TASK TO COMPLETE:
Would you please transcribe, exactly as written, the lines of the entries below starting at the one that holds "Odkryj najbardziej kremowe" and ending at the one that holds "最后,华兴派出所教导员钟红明", both included?

PROVIDED RECORDS:
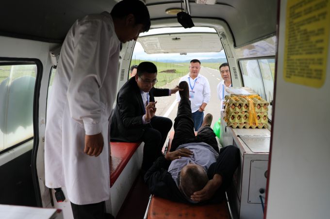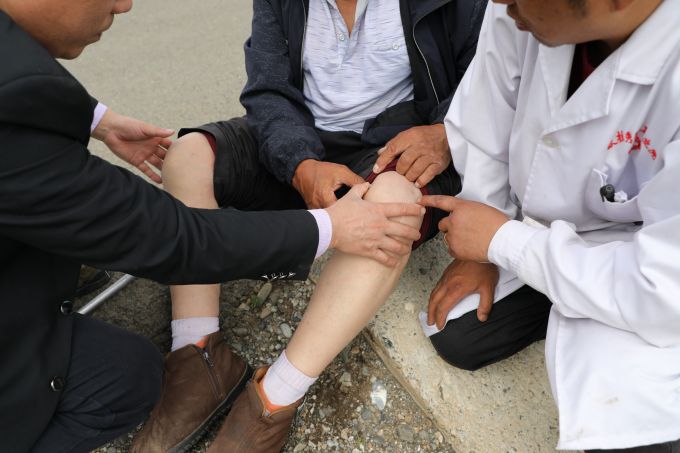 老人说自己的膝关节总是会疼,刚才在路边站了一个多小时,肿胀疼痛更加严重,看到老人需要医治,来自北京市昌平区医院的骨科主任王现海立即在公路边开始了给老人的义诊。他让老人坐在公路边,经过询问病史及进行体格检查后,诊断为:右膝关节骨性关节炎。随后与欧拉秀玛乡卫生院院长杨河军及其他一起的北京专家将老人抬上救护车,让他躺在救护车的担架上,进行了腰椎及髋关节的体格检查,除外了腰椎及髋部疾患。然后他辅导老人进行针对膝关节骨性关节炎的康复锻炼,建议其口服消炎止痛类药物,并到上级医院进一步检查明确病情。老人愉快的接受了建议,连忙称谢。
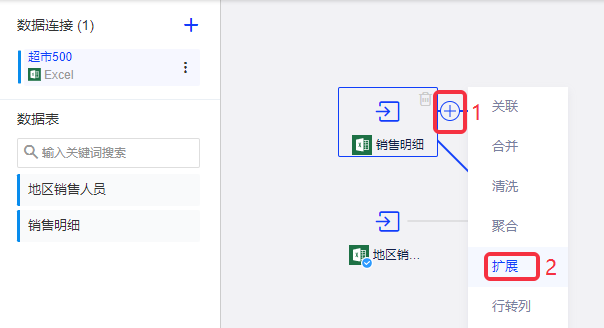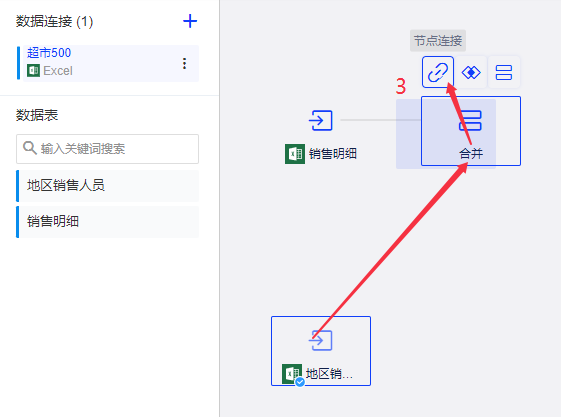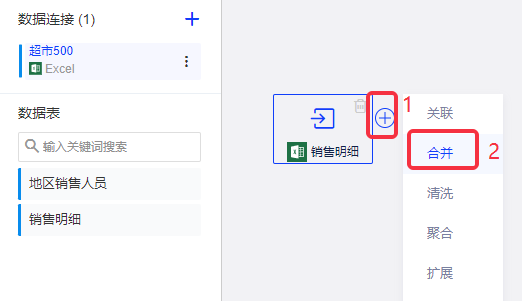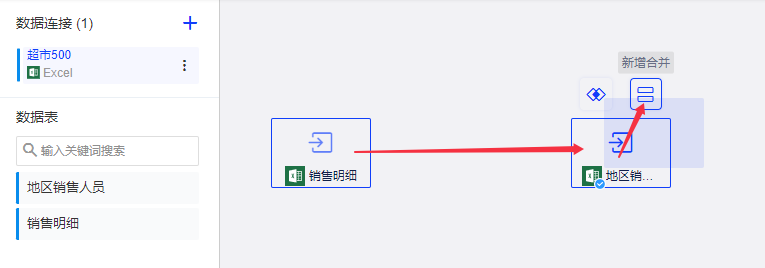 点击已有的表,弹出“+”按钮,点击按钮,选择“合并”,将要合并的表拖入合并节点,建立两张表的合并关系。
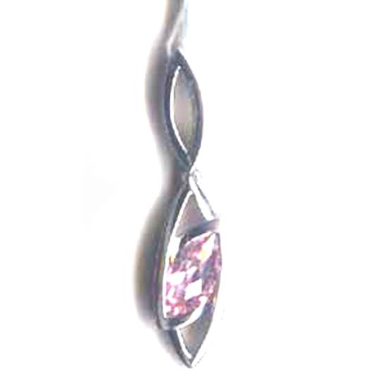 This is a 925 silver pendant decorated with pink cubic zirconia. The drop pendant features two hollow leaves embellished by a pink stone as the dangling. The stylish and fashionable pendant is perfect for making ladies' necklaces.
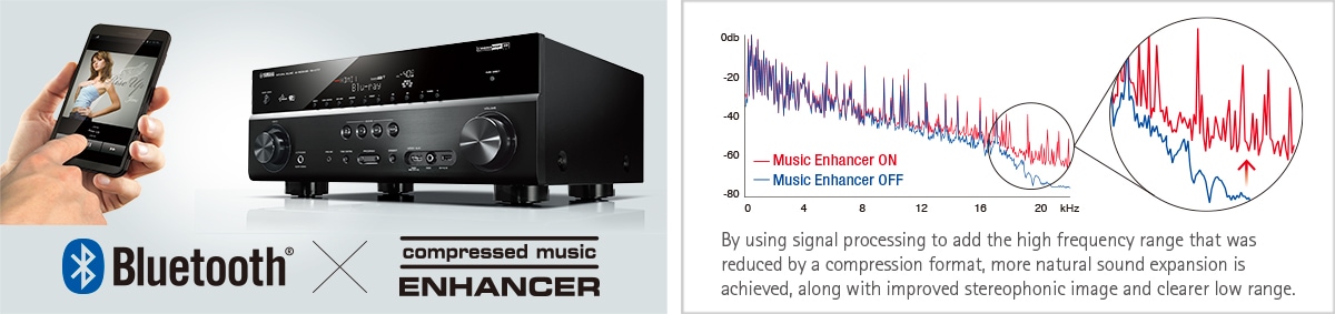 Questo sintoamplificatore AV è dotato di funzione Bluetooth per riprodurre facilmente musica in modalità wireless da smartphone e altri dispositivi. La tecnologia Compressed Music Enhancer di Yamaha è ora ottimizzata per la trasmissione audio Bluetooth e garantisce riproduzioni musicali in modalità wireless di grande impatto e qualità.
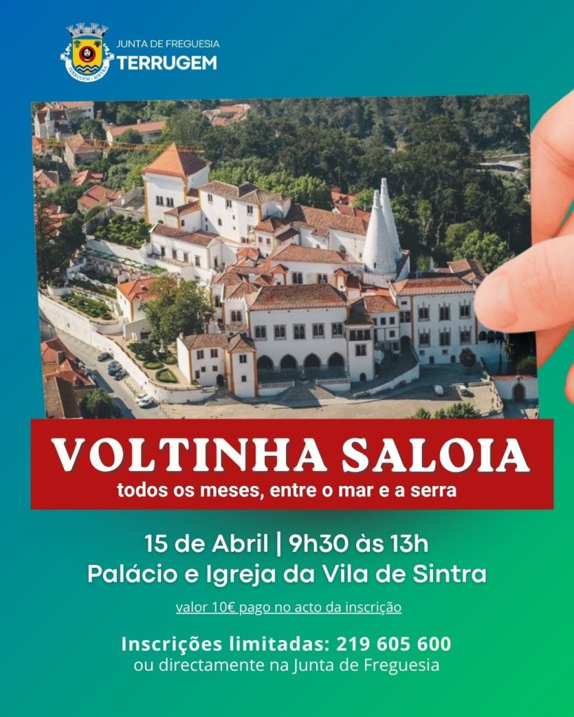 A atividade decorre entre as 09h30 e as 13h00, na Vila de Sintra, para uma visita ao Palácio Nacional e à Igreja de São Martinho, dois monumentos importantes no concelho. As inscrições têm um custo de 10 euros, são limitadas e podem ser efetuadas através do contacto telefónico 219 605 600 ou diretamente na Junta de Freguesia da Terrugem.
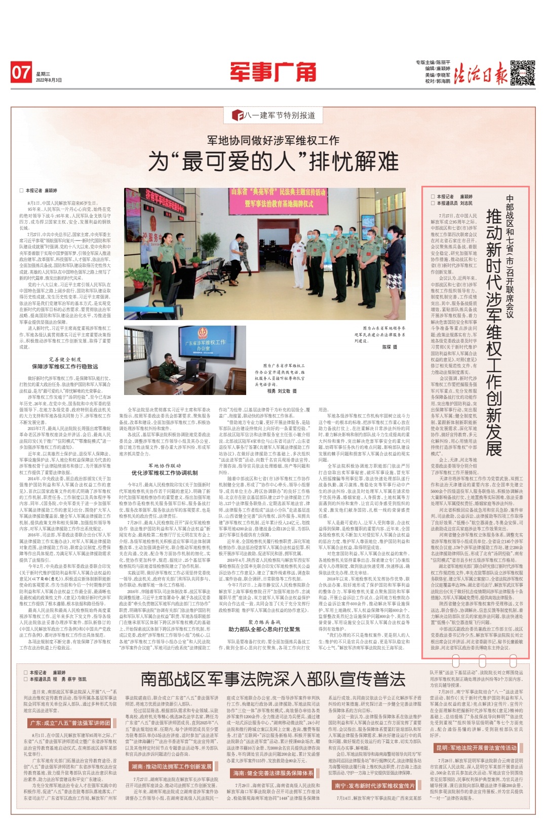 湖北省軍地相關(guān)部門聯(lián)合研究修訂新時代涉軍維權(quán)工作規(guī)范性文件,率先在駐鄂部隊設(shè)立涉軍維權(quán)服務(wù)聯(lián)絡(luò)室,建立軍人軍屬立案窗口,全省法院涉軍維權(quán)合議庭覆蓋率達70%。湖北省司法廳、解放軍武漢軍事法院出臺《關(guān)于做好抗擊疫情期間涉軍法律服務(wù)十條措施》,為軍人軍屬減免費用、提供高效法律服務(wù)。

==

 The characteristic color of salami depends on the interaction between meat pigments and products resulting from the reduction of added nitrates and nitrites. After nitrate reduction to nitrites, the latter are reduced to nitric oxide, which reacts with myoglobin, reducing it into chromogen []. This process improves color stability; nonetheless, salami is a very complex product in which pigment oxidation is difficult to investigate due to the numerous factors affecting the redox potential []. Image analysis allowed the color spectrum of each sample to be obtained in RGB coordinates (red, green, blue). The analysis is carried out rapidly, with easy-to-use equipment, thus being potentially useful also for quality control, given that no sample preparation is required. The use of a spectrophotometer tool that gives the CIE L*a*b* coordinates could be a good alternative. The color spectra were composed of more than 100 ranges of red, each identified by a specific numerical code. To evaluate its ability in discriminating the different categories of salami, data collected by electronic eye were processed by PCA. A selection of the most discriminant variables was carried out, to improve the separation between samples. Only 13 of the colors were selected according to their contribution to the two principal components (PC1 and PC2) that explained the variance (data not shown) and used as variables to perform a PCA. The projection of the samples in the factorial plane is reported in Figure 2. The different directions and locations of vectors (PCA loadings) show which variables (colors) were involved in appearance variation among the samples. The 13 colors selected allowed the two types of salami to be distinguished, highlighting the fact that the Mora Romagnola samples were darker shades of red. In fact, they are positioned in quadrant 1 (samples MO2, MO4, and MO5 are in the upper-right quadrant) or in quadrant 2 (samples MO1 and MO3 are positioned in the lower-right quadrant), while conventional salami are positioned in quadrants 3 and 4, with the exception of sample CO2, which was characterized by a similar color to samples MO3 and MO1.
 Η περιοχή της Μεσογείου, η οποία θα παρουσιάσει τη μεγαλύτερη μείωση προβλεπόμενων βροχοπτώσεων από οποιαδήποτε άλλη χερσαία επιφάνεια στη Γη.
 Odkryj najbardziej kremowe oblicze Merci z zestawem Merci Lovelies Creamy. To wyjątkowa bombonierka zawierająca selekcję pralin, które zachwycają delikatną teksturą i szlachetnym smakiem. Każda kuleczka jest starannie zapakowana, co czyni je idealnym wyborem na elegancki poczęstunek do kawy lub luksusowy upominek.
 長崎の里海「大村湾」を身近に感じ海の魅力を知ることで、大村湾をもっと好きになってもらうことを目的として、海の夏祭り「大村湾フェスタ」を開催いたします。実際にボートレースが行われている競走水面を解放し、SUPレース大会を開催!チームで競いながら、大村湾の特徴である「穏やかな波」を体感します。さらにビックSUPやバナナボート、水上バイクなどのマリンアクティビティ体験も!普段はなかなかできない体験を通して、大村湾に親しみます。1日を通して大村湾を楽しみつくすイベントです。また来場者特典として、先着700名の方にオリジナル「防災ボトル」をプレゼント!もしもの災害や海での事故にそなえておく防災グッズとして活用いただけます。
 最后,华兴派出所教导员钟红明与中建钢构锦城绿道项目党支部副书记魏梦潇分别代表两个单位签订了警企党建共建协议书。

RESPONSE BELOW:
 Odkryj najbardziej kremowe oblicze Merci z zestawem Merci Lovelies Creamy. To wyjątkowa bombonierka zawierająca selekcję pralin, które zachwycają delikatną teksturą i szlachetnym smakiem. Każda kuleczka jest starannie zapakowana, co czyni je idealnym wyborem na elegancki poczęstunek do kawy lub luksusowy upominek.
 長崎の里海「大村湾」を身近に感じ海の魅力を知ることで、大村湾をもっと好きになってもらうことを目的として、海の夏祭り「大村湾フェスタ」を開催いたします。実際にボートレースが行われている競走水面を解放し、SUPレース大会を開催!チームで競いながら、大村湾の特徴である「穏やかな波」を体感します。さらにビックSUPやバナナボート、水上バイクなどのマリンアクティビティ体験も!普段はなかなかできない体験を通して、大村湾に親しみます。1日を通して大村湾を楽しみつくすイベントです。また来場者特典として、先着700名の方にオリジナル「防災ボトル」をプレゼント!もしもの災害や海での事故にそなえておく防災グッズとして活用いただけます。
 最后,华兴派出所教导员钟红明与中建钢构锦城绿道项目党支部副书记魏梦潇分别代表两个单位签订了警企党建共建协议书。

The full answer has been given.